The owner of the tomb was Queen Isis, also known as Iset Ta-Hemdjert, wife of Ramesses III and mother of Ramesses VI. The construction of the tomb may have begun during the reign of Ramesses III, but its decoration and fitting out were probably completed during the reign of his son Ramesses VI. The name of Ramesses VI appears in the text on the doorway of the burial chamber, a feature that led Ernesto Schiaparelli to regard QV51 as one of the last tombs made in the Valley of the Queens.

== History ==

The tomb was prepared during the Twentieth Dynasty of Egypt and belongs to the final phase of the royal use of the Valley of the Queens. The burial of Isis was opened at least once in year 17 of Ramesses IX: the inspectors declared it intact, while a later inspection dates to the reign of Ramesses XI, during the inquiries ordered by the viziers after the tomb-robbery scandal at the end of the dynasty.

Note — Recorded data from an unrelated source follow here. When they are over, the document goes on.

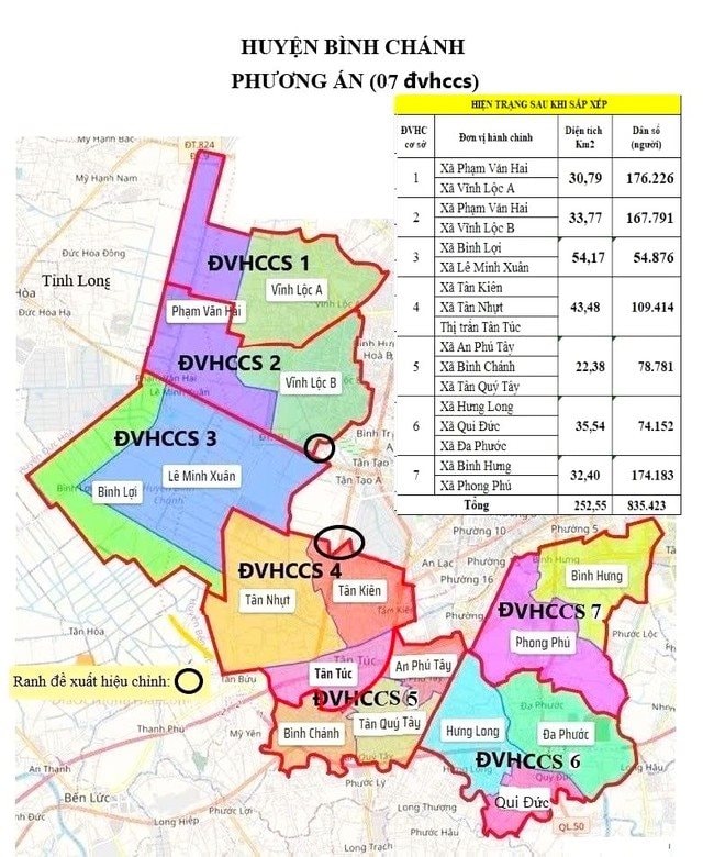 Với diện tích 252 km² và dân số hơn 835.000 người, Bình Chánh hiện là huyện đông dân nhất TP.HCM. Theo phương án mới, huyện sẽ giảm từ 16 xã và thị trấn xuống còn 7 đơn vị hành chính, giảm 56% số xã, mở ra cơ hội tái cấu trúc không gian đô thị và thúc đẩy thị trường bất động sản phát triển mạnh mẽ hơn.
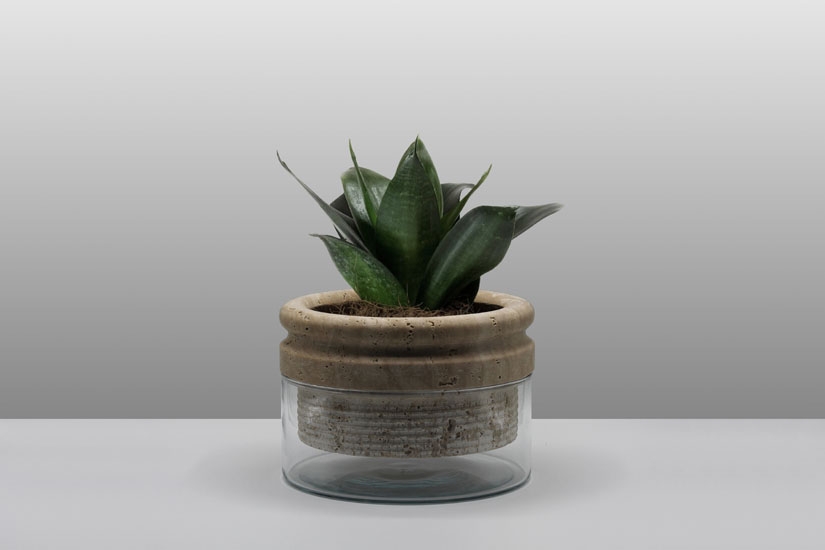 In doing so, the travertine marble soaks the water in the glass base and the mineral salts present in the holes of the marble are transported with the water to the plant.
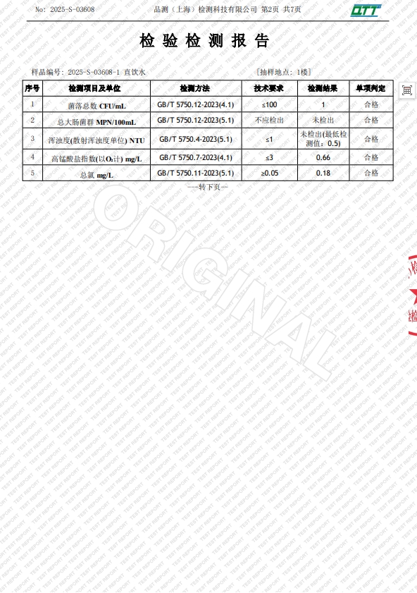 龙苑中学2024年6月直饮水质量检验报告
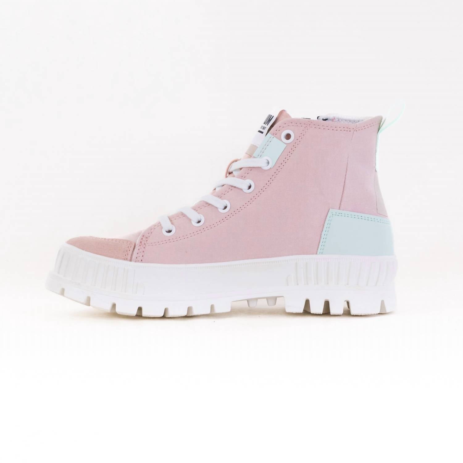 Meet the Women's Pallashock Backzip 2 by Palladium, a chic nature pink high-top sneaker perfect for spring. Its 91.22% cotton and 8.78% suede construction ensures both durability and a sophisticated look. Featuring a convenient lace and zipper closure, this shoe offers exceptional ease of wear. The 20mm flat heel height provides comfort, while playful prints and branding elements add a modern edge.

The tomb was nevertheless plundered not long after the queen's burial, as indicated by the archaeological evidence and by the Ramesside tomb-robbery records.

=== Excavations ===

The tomb was already accessible in the time of Robert Hay, who documented it in 1826; it was later recorded by John Gardner Wilkinson in 1828, by the Franco-Tuscan expedition of Jean-François Champollion in 1828–1829, by Karl Richard Lepsius in 1844–1845 and by Heinrich Karl Brugsch in 1854. The Italian mission of Ernesto Schiaparelli cleared the tomb of debris during its work in the Valley of the Queens in 1903–1905. The corridor of the tomb was photographed in 1904 during the excavations of the Italian mission.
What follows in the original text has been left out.